If you're planning to start a family—especially through fertility treatments like in vitro fertilization (IVF) —genetic testing can offer important information. These tests help you learn about possible risks of passing on inherited conditions, improve the chances of a successful pregnancy, and support the birth of a healthy baby. The following information provides a guide to the different types of genetic testing you might encounter during fertility care.
What it is: A test performed on blood or saliva that determines if you or your partner carry genes for certain inherited diseases—many of which you might not even know you carry.
Why it matters: If both you and your partner carry the same gene for a condition (like cystic fibrosis or sickle cell disease), there’s a chance your baby could be born with the condition.
When it’s done: Before you try to become pregnant.
Next steps if you are both carriers: You may consider options like IVF with special testing (Preimplantation Genetic Testing), using donor eggs or sperm, or further testing during pregnancy.
What it is: A way to check the health of embryos before they are placed into the uterus during in vitro fertilization (IVF). Embryos can be tested in a highly-specialized genetics laboratory to determine which are the healthiest embryos and suitable for embryo transfer. There are three primary types of embryo testing: PGT-A, PGT-M, and PGT-SR.
How it works: Embryos are created through in vitro fertilization and are cultured in the embryology lab until they reach a size safe for biopsy. A few cells are carefully removed from the portion of the embryonic structure that will become the placenta. These cells are sent to a highly specialized laboratory for genetic analysis. The embryos remain frozen until the testing is completed, typically two to four weeks. Only healthy embryos are chosen for transfer.

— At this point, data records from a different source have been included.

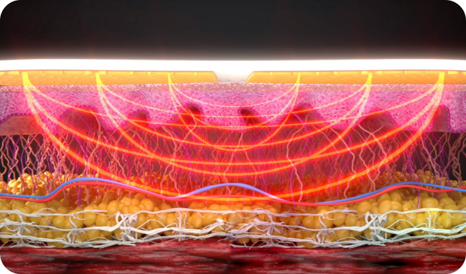 열 자극이 진피층과 지방층에 균일하게 분포되도록 설계되어 있어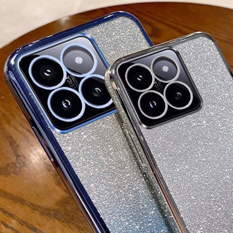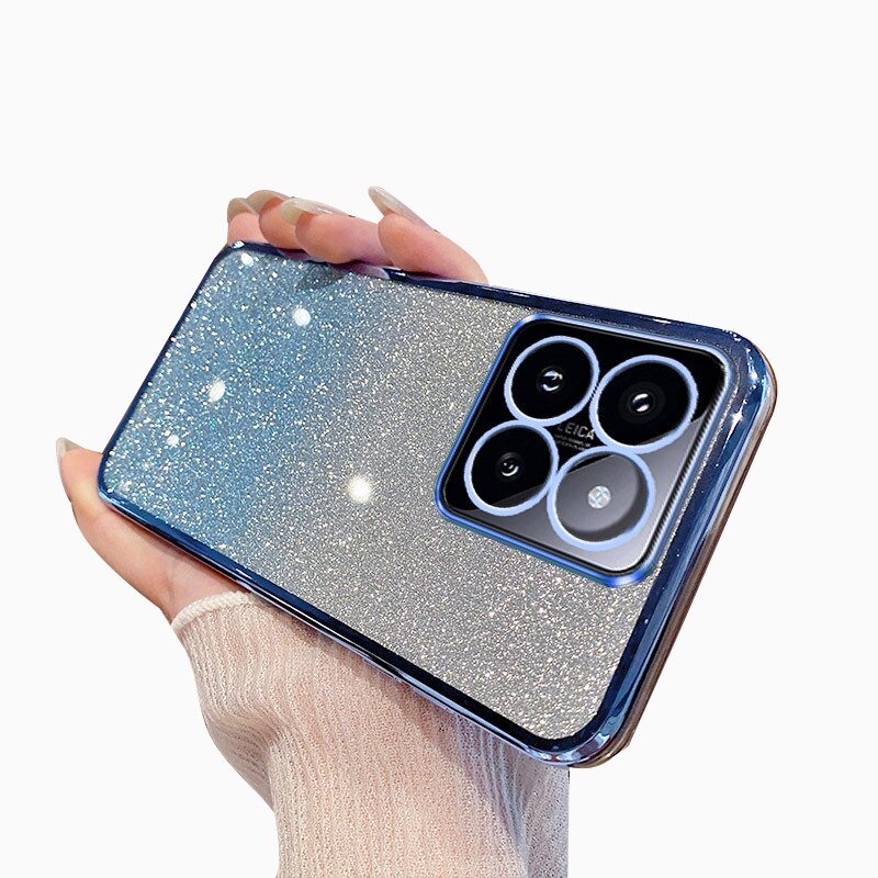 Husa de protectie compatibila cu Xiaomi 14T, Anti-soc, Decupaje Precise, TPU, Margini galvanizate si card de sclipici integrat, Albastru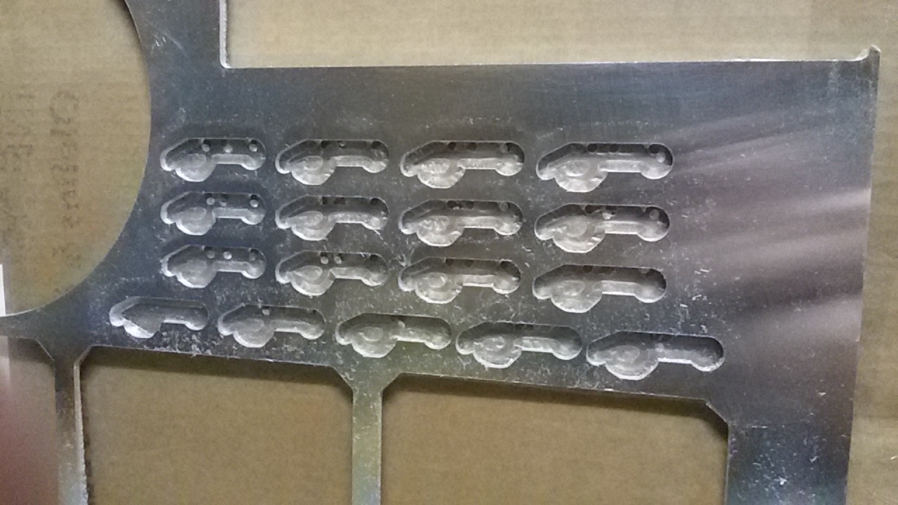 Schau auf das Bild. Da kannst du sehen, dass 17 Flaschenöffner ausgefräst wurden. Und zwar aus dem gleichen Blech.

If you're already pregnant, there are tests that can be performed to check your baby’s genetic health: NIPT, CVS, and Amniocentesis.
NIPT (non-invasive prenatal testing): A simple blood test from the mother after 10 weeks of pregnancy. It checks for common chromosome conditions.
CVS (chorionic villus sampling): A small sample of placental tissue, called chorionic villi, is taken usually between 10 to 13 weeks of pregnancy. Sampling can be done through the cervix or through the mother’s abdomen.
Amniocentesis: This is a more detailed test done later in pregnancy, usually between 15 to 20 weeks. A thin needle is inserted through the mother’s abdominal wall into the uterus. A small amount of amniotic fluid or placental tissue is removed for genetic analysis.
Genetic testing should always be a personal decision and choice. You and your partner decide what’s right for yourselves. When considering testing, it is advisable to consider a consultation with a genetic counselor who can help you understand test results and guide you through your options. Costs and insurance coverage for these procedures is extremely variable. Our financial counselor can help you navigate cost and coverage questions.
Genetic testing during fertility care gives you more information and more choices. Whether you're just starting to think about having a baby, already doing IVF, or are pregnant, these tests can help you make informed decisions for your future family.